A. Photomicrographs illustrating YS sections from FcRn^+/+ (a, b, c) and FcRn^−/− (d, e, f) YS labeled to visualize IgG (green) as was done in Fig. 5. The phalloidin (gray) and DAPI (blue) labeling were used to mark cell boundaries and nucleus, respectively, shown in b and e. For orientation DIC images in c and f are shown. The solid arrows and arrow heads point to IgG in apical endoderm and mesenchyme, respectively. The bar = 10 µm. The inset of a and b, containing a higher magnified view of an outlined area of FcRn^+/+ and FcRn^−/− yolk sac are shown. The solid arrows and arrow heads, respectively, point to IgG in apical and in mesenchyme areas in FcRn^+/+. The lack of IgG in FcRn^−/− mesenchyme and the presence of dense blobs in apical areas are shown by arrow heads and solid arrows respectively. B. Quantitative comparison of IgG (average intensity) between FcRn^+/+ and FcRn^−/− in whole cell and apical areas of ED. Fluorescence images such as shown in panel A (a and c) were collected on a confocal microscope. The images were quantified, averaged for 300 cells, and plotted as average intensity for each strain (n = 3 FcRn^+/+ or 3 FcRn^−/− mice). a.
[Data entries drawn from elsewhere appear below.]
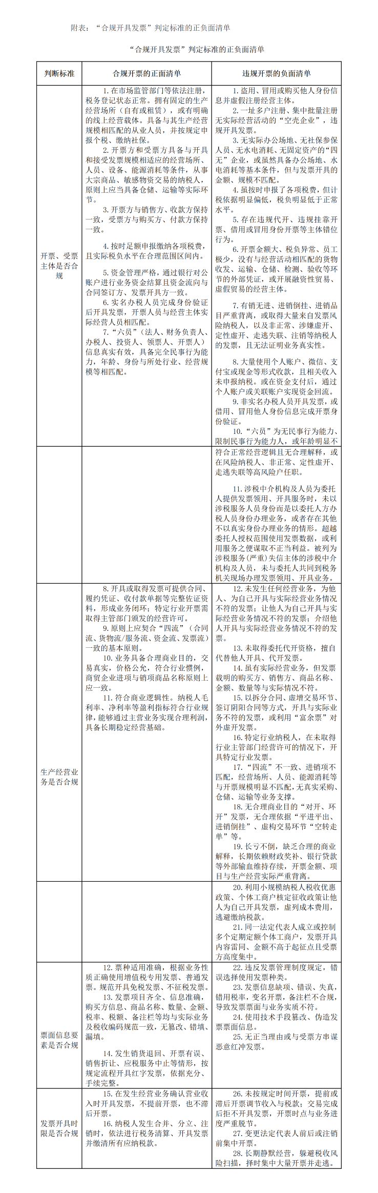 其中,28条负面清单明确了要查“四流”不一致、进销项不匹配,经营场所、人员、能源消耗等与开票规模明显不匹配,无真实采购、仓储、运输等业务支撑以及无合理商业目的“对开、环开”发票,无合理依据“平进平出、进销倒挂”、虚构交易环节“空转走单”等行为。
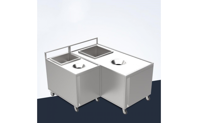 雙孔泔水不銹鋼收殘車收餐車兩用推車食堂收盤車殘w食柜服務車廚
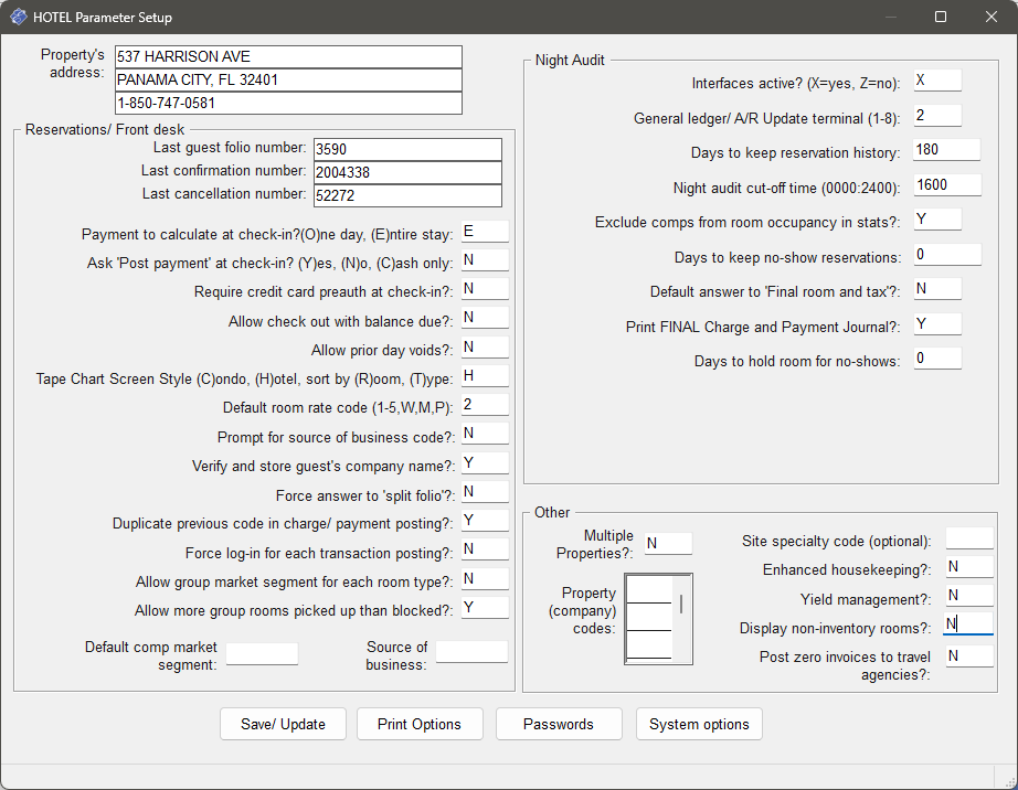 Go to Manager/Setup > Hotel Control Files Setup > Parameter Record. You should consult Execu/Tech support prior to editing any field in the Parameter Record. The Parameter Record is divided into four sections: Property's address; Reservations/Front Desk; Night Audit; and Other. Two buttons at the bottom of the screen open new windows: Print Options and Passwords. The System Options button is for older systems and is no longer applicable. "Property's Address" will print on your confirmation letter, registration form, folio, and direct bill customer statement. Thirty characters will print for each line. The address may be in any format. "Last guest folio number" sets the next sequential folio number and should never be changed by you once you have started using Execu/Suite. "Last confirmation number" sets the next sequential reservation confirmation number and should never be changed by you once you have started using Execu/Suite. "Last cancellation number" sets the next sequential reservation cancellation number and should never be changed by you once you have started using Execu/Suite. "Payment to calculate at check-in?(O)ne day, (E)ntire stay:" determines whether the amount of room and tax charges for one day only or for the entire stay will display on the check-in screen. Enter O or E in the field. "Ask 'Post payment' at check-in? (Y)es, (N)o, (C)ash only" if set to Y will pop up a "Post payment now?" prompt for all payment types at completion of the check-in process. C will display the prompt for cash payments only. N will not display the prompt. NOTE: When the prompt displays, users may answer No to the prompt and continue the check-in without posting payment. NOTE: You should not set this to Y if your policy is to preauthorize credit cards at check-in. Credit cards that are preauthorized will be charged at check-out and should not be posted at check-in. If you preauthorize credit cards, you should set this field to C (for cash payments only) or to N (not to prompt, regardless of payment type). "Require credit card preauth at check-in?: may be set to Y, N, or X. It should be set to Y if your hotel's policy is to preauthorize a guest's credit card at check-in if a credit card payment type is entered in the "payment type" field on the check-in folio screen. This will force the user to preauthorize a credit card and eliminate the error of allowing a guest with insufficient credit to pay for the stay. Set the field to N if you do not require a credit card to be preauthorized at check-in or if you charge the guest's card at check-in (as opposed to authorizing only). With the N setting, you will see a prompt, "process credit card?" at check-in if the payment type is a credit card and you can select "yes" or "no" to the prompt. If this field is set to X the check-in will proceed without the prompt "process credit card?" although you may still preauthorize a credit card by clicking the "authorize card" button. Note: You should not both preauthorize and charge the same card at check-in. If this field is set to Y make sure to set "Ask 'Post payment' at check-in?" to N or C. "Allow check out with balance due?" should be set to N except for special circumstances. If a folio has a balance at the time of check-out, payment should be posted, adjustments should be charged, transactions should be transferred to a different folio, or the balance should be direct billed (if appropriate). The folio balance should be zero once the guest has departed. Folios should not sit with balances once the guest has checked out. Likewise, group master folios should have zero balances after the group has departed, and the master folios should be checked out. "Allow prior day voids?" should be set to N except for special circumstances. Prior-day voids will put you out of balance for the current day (as you cannot "undo" a prior day's activity) and are discouraged in good accounting practices. Adjustments can be posted to prior-day transactions. "Tape Chart Screen Style (C)ondo, (H)otel, sort by (R)oom, (T)ype" determines how rooms are sorted in the Rooms or Tape Chart display. C sorts the rooms in order of usage (lesser-used rooms to most-used rooms). H sorts by room number. R sorts by room number with an additional button at the bottom of the screen, 'Sort by type/ usage' allowing you to sort by room type rather than by room number. Within the type, lesser-used rooms will display before higher-used rooms . When clicked, the button will change to 'Sort by room number' allowing you to change back to sort by room number. T sorts by room type with an additional button at the bottom of the screen, 'Sort by room number' allowing you to sort by room number rather than type. When clicked, the button changes to 'Sort by type/ usage' allowing you to change back to sort by type. "Default room rate code (1-5,W,M,P) sets the default rate code for new reservations and check-in folios. 1-5 are rate codes typically highest to lowest and are defined in Rooms setup and in Room Types setup. W is weekly. M is monthly. P is package. This field defines the default to populate reservations and folios. Rates are set up in Rooms or Room Types. The rate code may be changed individually for each reservation or folio, if the user's security level allows. "Prompt for source of business code?" should be set to Y. "Verify and store guest's company name?" should be set to Y if you use the Corporate File for setting rates and discounts and if you wish to track these. Setting this to Y will disallow the user to enter a company that does not exist. If you do this, you should train staff to look up companies by name rather than simply entering companies; otherwise, you may end up with ABC Company, ABC, A.B.C, and ABC Co for the same company. This happens because the user sees the message that the company doesn't exist (since the user entered a different spelling than is already in the system) and therefore sets up the company new. To use existing compa
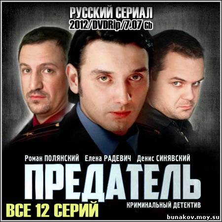 Название: Предатель - Все 12 серий Год выхода: 2012 Жанр: Детектив, Боевик Режиссер: Станислав Титаренко В ролях: Роман Полянский, Елена Радевич, Денис Синявский, Андрей Ребров, Дмитрий Сутырин, Сергей Колос, Анатолий Журавин, Анна Арефьева, Яков Шамшин, Олег Куликович Некогда правильный опер Игорь Ребров, становится «оборотнем в пагонах». Игорь соглашается помочь в освобождении криминального авторитета, но ведет это дело несговорчивая и принципиальная Ольга Баренцева. Подбираясь к ней поближе, Игорь не сразу понимает, насколько Ольга ему дорога. Реброву приходится выбирать…
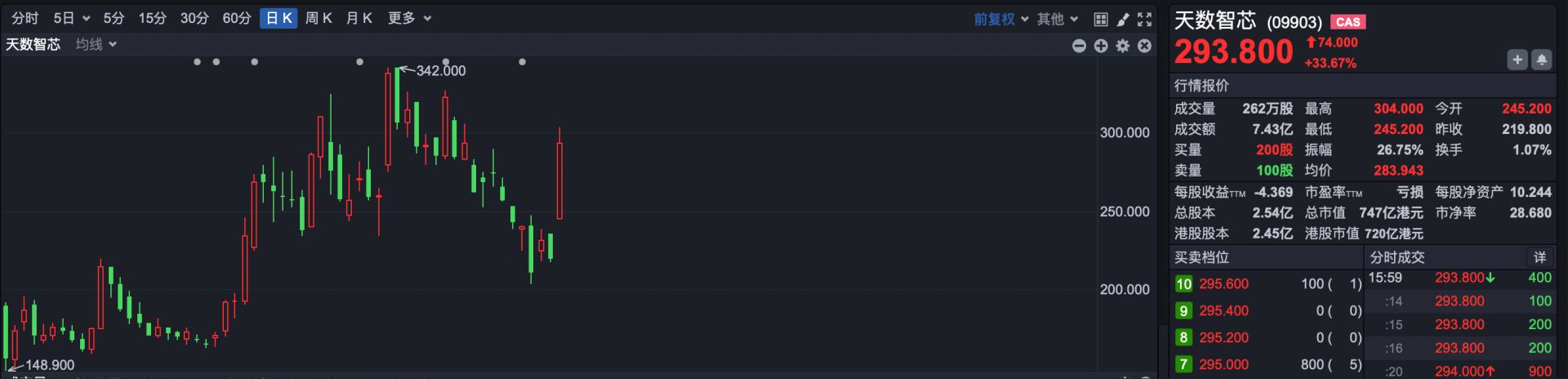 市场热点方面,半导体概念股领涨市场。其中,天数智芯(HK09903)大涨33.67%。此外,华虹半导体涨超14%,澜起科技、上海复旦、爱芯元智、中芯国际涨超10%。

The image shows that total IgG in FcRn^−/− is slightly higher but not statistically different than FcRn^+/+ (P = 0.681). b. The image shows that IgG is more intense in FcRn^−/−apical areas than in FcRn^+/+. C. Number of pixels positive for IgG signal was quantified. Fluorescent images were converted to binary images and then used for quantifying the percent positive pixels. a. A difference could not be found in the percent of pixels positive for IgG in whole cell of FcRn^+/+ and FcRn^−/− were almost equal (P = 0.554). b. Percent positive pixels in FcRn^−/− apical portion was significantly higher than in FcRn^+/+.